My mercurial dev/prod workflow using clones

Most of the people whom I work with are very confused about repository and work-folder of mercurial. If they are comfortable with that then they are hesitant to use named branches. Hence I stopped using branches for maintaining my dev and prod code streams. Instead settled on clones (forks on Bitbucket/GitHub). I find it easy to explain to all kind of people and easy to work. I was thinking about writing an how-to for the same. But blog makes much sense.

dev-prod-clone model I have a development repository for a 'project' called 'proj-dev'. Every bit of code which makes sense will live here. Every team member has push access to this project. Lets say we developed over several months. Now we have reached some sane level where we could show it to our family. We use tags to bookmark stages of development. So after passing all rc.x.x.x (release candidate aka test releases) stages, we have reached v.0.1.0. Which probably is our alpha production release.

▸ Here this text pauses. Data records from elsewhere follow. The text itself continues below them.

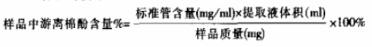 準確稱取樣品 0.01克,加70%丙酮5毫升,振蕩器上振蕩提取5~10分鐘,過濾或離心后取上清液備用;取樣品提取液2毫升于比色管中,加顯色劑2毫升,搖勻后放人50℃-55℃水浴中,顯色5分鐘;量取95%乙醇2毫升于另一比色管中,加提取液2毫升,搖勻,同樣放入上述水浴中,保持5分鐘,作為對照,將樣品管和對照管插入比色架中,和標準比色管比較,選取顏色深淺相同的標準管,此管所標出的數字,即為樣品中游離棉酚的含量。
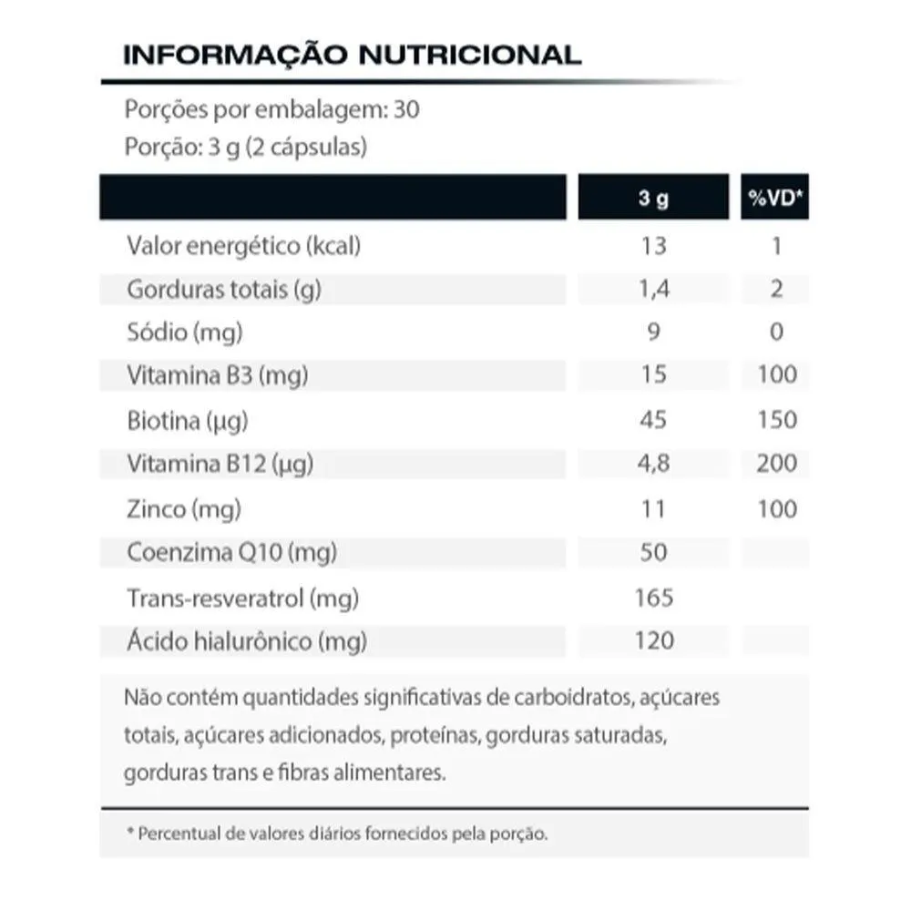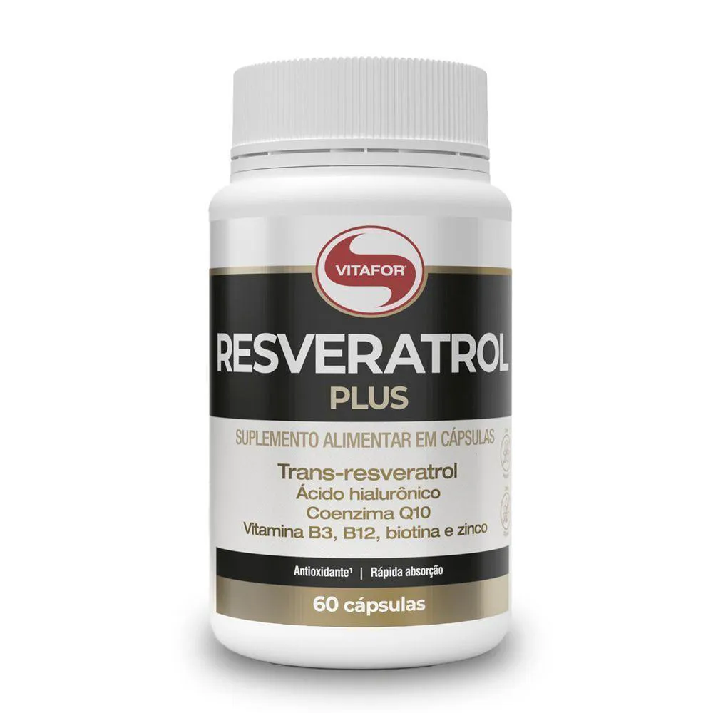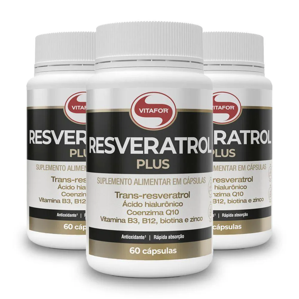 Kit 3 Resveratrol Plus Vitafor 60 CápsulasSobre o produtoRESVERATROL PLUS é um suplemento alimentar a base de óleo de semente de uva (Vitis vinifera L.), trans-resveratrol, ácido hialurônico, coenzima Q10, vitaminas B3, B12, biotina e zinco.Benefícios- A vitamina B3 contribui para a manutenção da pele, a biotina contribui para a manutenção do cabelo e da pele e o zinco contribui para a manutenção do cabelo, da pele e das unhas;- As vitaminas B3 e B12, a biotina e o zinco auxiliam no metabolismo de proteínas, carboidratos e gorduras;- O zinco e a vitamina B12 auxiliam no processo de divisão celular e no funcionamento do sistema imune;- As vitaminas B3 e B12 e a biotina auxiliam no metabolismo energético;- A vitamina B3 e a biotina auxiliam na manutenção de mucosas;- O zinco é um antioxidante que auxilia na proteção dos danos causados pelos radicais livres, na visão, no metabolismo da vitamina A, na síntese de proteínas e na manutenção de ossos.Modo de usarSuplemento alimentar de uso adulto (a partir de 19 anos de idade): ingerir 3 g (2 cápsulas) ao dia antes das refeições ou seguir a recomendação de um prossional da saúde.IngredientesÓleo de semente de uva (Vitis vinifera L.), trans-resveratrol sintético, hialuronato de sódio obtido da fermentação de Streptococcus zoopidemicus, bisglicinato de zinco (zinco), niacinamida (vitamina B3), metilcobalamina (vitamina B12), D-biotina (vitamina B7), corante natural urucum e antiumectante dióxido de silício. Composição da cápsula: gelatina, água puricada e umectante glicerina.AlergênicosCONTÉM DERIVADOS DE SOJA. NÃO CONTÉM GLUTÉN.
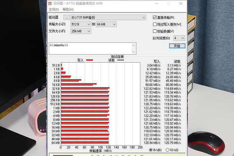 直接用ATTO磁盘基准测试对这块4TB蓝盘做个测试留作备忘,读取速度接近120MB/s,写入速度121MB/s以上。
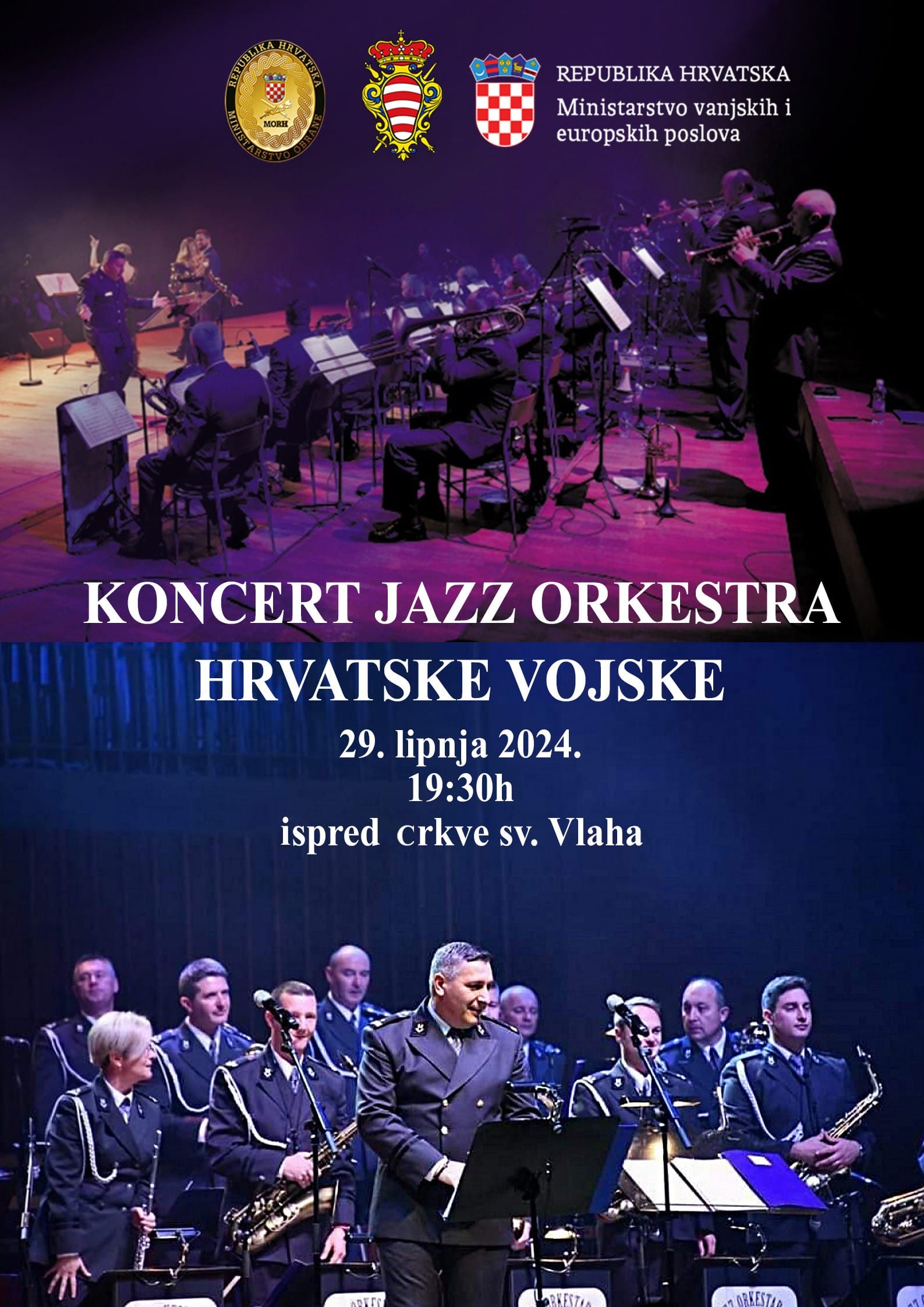 DUBROVNIK - U organizaciji Grada Dubrovnika i Ministarstva vanjskih i europskih poslova, u subotu 29. lipnja 2024. ispred crkve svetog Vlaha, održat će se koncert Jazz orkestra Hrvatske vojske.
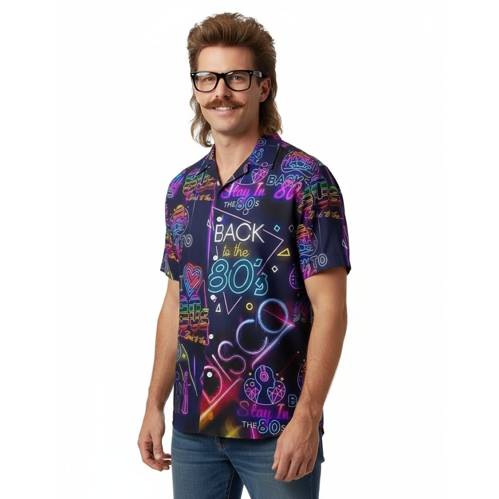 Fialová retro košile s barevnými vzory je nejen vizuálně atraktivní, ale také pohodlná. Skvěle ji využijete jako součást kostýmu na retro párty. Je jen na vás, zda ji elegantně zapnete nebo necháte ležérně rozevlátou.
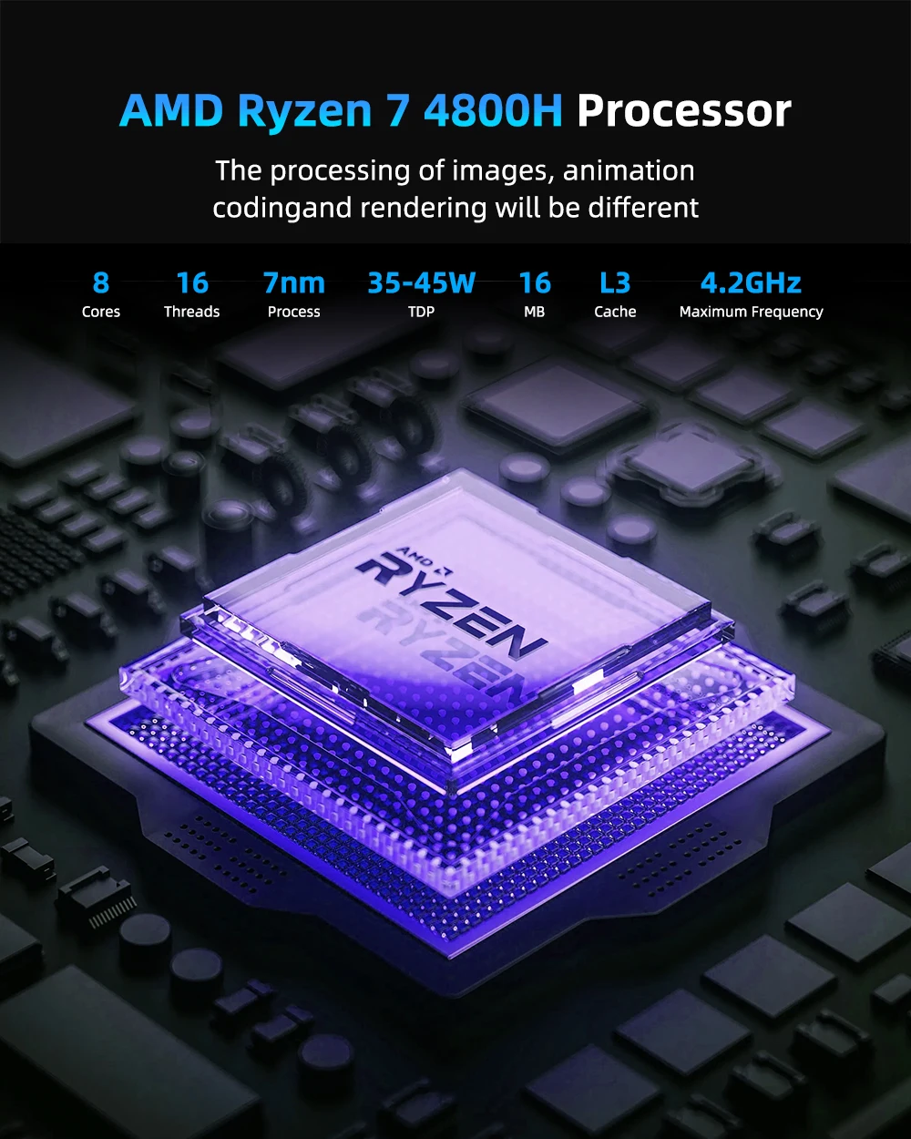 R7-4800H 8 core 16 fili 2,9 GHz ~ 4,2 GHz
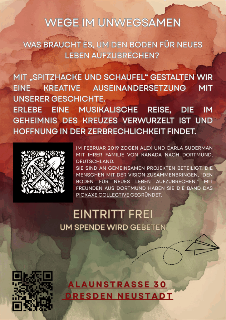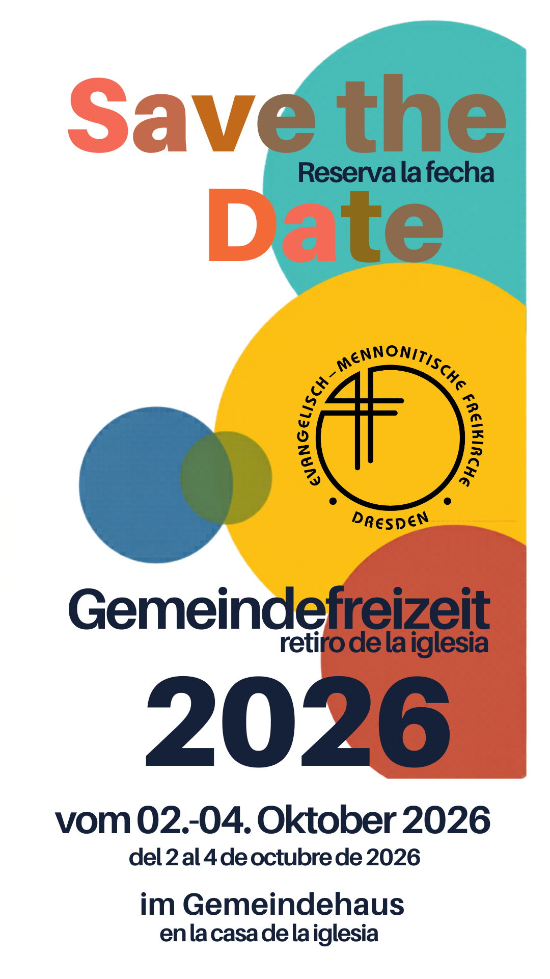 Aktuelle Veranstaltungen 2026 29.03.10 Uhr Gottesdienstfeier Liveübertragung 60-jähriges AMBD Jubiläum 02.04.KEIN Gemeindegespräch 03.04.16-19 Uhr Seder Feier am Karfreitag Anmeldung beendet 05.04.10 Uhr Familiengottesdienst zum Ostersonntag 12.04.10 Uhr Gottesdienstfeier 19.04.10 Uhr Gottesdienstfeier 26.04.10 Uhr Jugendgottesdienstfeier 02.05.Frauen Treff mit Anmeldung 03.05.10 Uhr Gottesdienstfeier mit Abendmahl Ausblick 09.05.Konzert Pickaxe Collective in der A30 07.06.St. Pieschen Gottesdienstfeier 21.06.Taufe 02.-04.10. Gemeindefreizeit in der Gemeinde
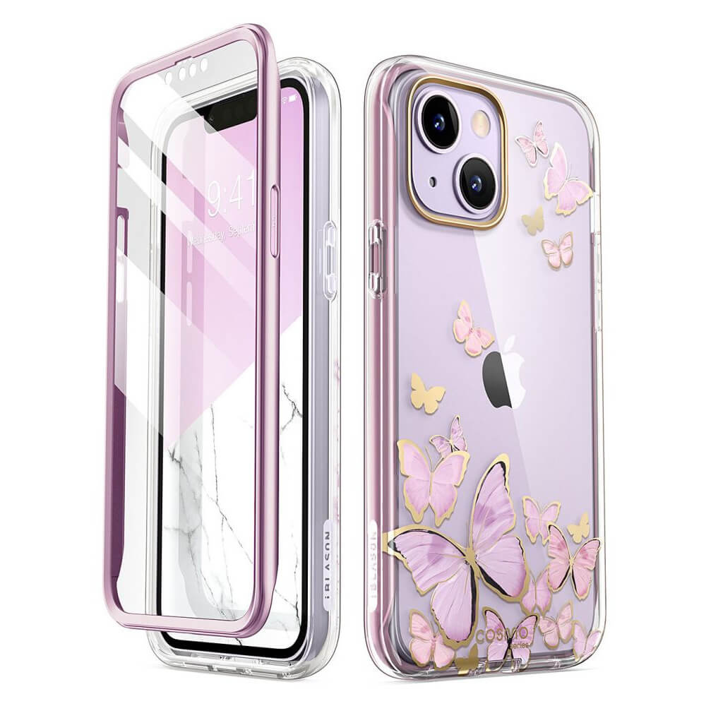 Удароустойчив хибриден кейс с вграден протектор за дисплея за iPhone 14 Plus - i-Blason Cosmo SupCase Protective Case (лилав-прозрачен)
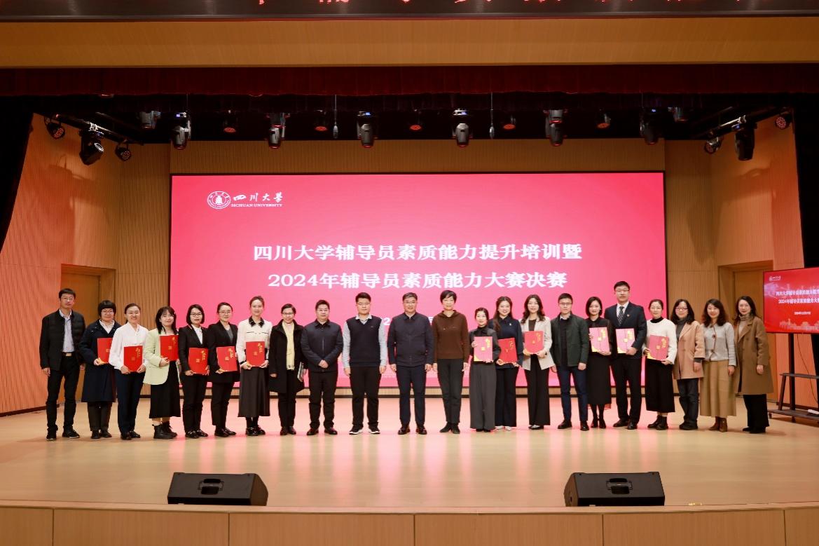 为深入学习贯彻习近平新时代中国特色社会主义思想,贯彻落实党的二十大精神、二十届三中全会精神以及全国教育大会精神,不断提升辅导员的理论水平、职业能力和专业素养,加快建成一支适应新时代要求、符合学校发展定位的高素质辅导员队伍,学校于2024年11月27日在望江校区文华活动中心二楼音乐厅举办2024年辅导员素质能力大赛决赛。本次大赛由党委学生工作部、研究生工作部等单位主办,122cc太阳集成游戏全国高校思想政治工作队伍培训研修中心协办。大赛邀请全国“最美高校辅导员”、第七届全国高校辅导员素质能力大赛一等奖获得者刘国权老师,第八届四川省高校辅导员素质能力大赛一等奖获得者、全国高校辅导员素质能力提升训练营“特别表现”张邵希老师以及学校相关职能部门负责人担任评委。校党委副书记刘晓虎为获奖辅导员颁奖,各学院辅导员代表观摩了本次决赛。
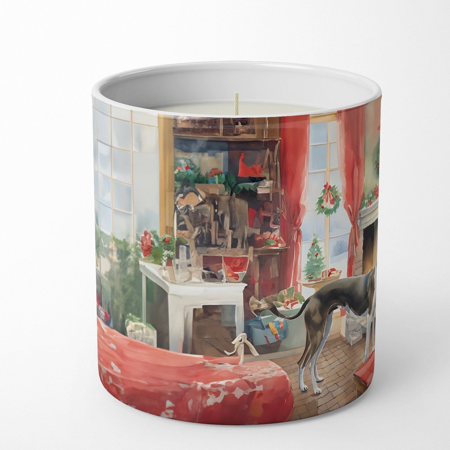 Decorate your space with our Christmas Greyhound artwork on a 10 oz Soy Candle. Upgrade your ambiance with our Decorative Soy Wax Candle. No more settling for ordinary candles. With a beautifully designed 10 oz container adorned with exclusive artwork from our artists, this candle not only illuminates your space but also adds a touch of elegance to your decor. Crafted with meticulous care, each candle is hand-poured and made from 100% soy wax, ensuring a clean, consistent burn. Free from chemical-based dyes, the all-white wax complements any setting. Our soy wax is paired with high-quality fragrance oils, releasing a robust scent that transforms your surroundings. The candle provides a great deal of burn time, though this may vary based on air flow, burn duration, and wick maintenance. For safe use, always trim the wick to 1/4 inch before lighting and ensure your candle is on a level surface. We recommend not burning for more than four hours at a time and discontinuing use when only 1/4 inch of wax remains. Our Decorative Soy Wax Candle is more than just a candle. It is a piece of art that enhances your space while ensuring a soothing, fragrant ambiance. Remember, always burn within sight, and keep away from flammable objects, pets, and children. Enjoy the beauty and tranquility it brings to your everyday life.
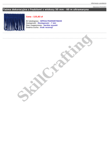 Informacje o produkcie Utworzono 07-03-2017 Taśma dekoracyjna z frędzlami z wiskozy 50 mm - 60 m ultramaryna Cena : 125,83 zł Sk ill C ra ft in g Nr katalogowy : WPKULTRAMARYNA50 Dostępność : Dostępność - 7 dni Stan magazynowy : bardzo wysoki Średnia ocena : brak recenzji

Now I clone/fork the 'proj-dev' to 'proj-prod'. Only support and system admin team has push access to 'proj-prod'. Anything that has to get onto production servers has to come from 'proj-prod'. Hence we deploy the production code from 'proj-prod'.

From here on we have two tracks. Click on the image for bigger resolution.

Track 1 - 'proj-dev' :

  1. May not be stable
  2. All developers will have push access to this repository
  3. Regular development continues on this repository
  4. Any developer can pull, production fixes from 'proj-prod' or accept pull requests
  5. Once all the features reach stable state and production ready, team marks it as v.x.x.x

Track 2 - 'proj-prod' :

  1. is most stable
  2. Direct commits to this repository are done only as part production fixes
  3. All production fixes are sent as pull request to main 'proj-dev' repository
  4. Any developer can pull 'proj-prod' into their repository
  5. Any production ready code (v.x.x.x) on 'proj-dev' will be pulled into this repository. Production deployment can be done only from this repository.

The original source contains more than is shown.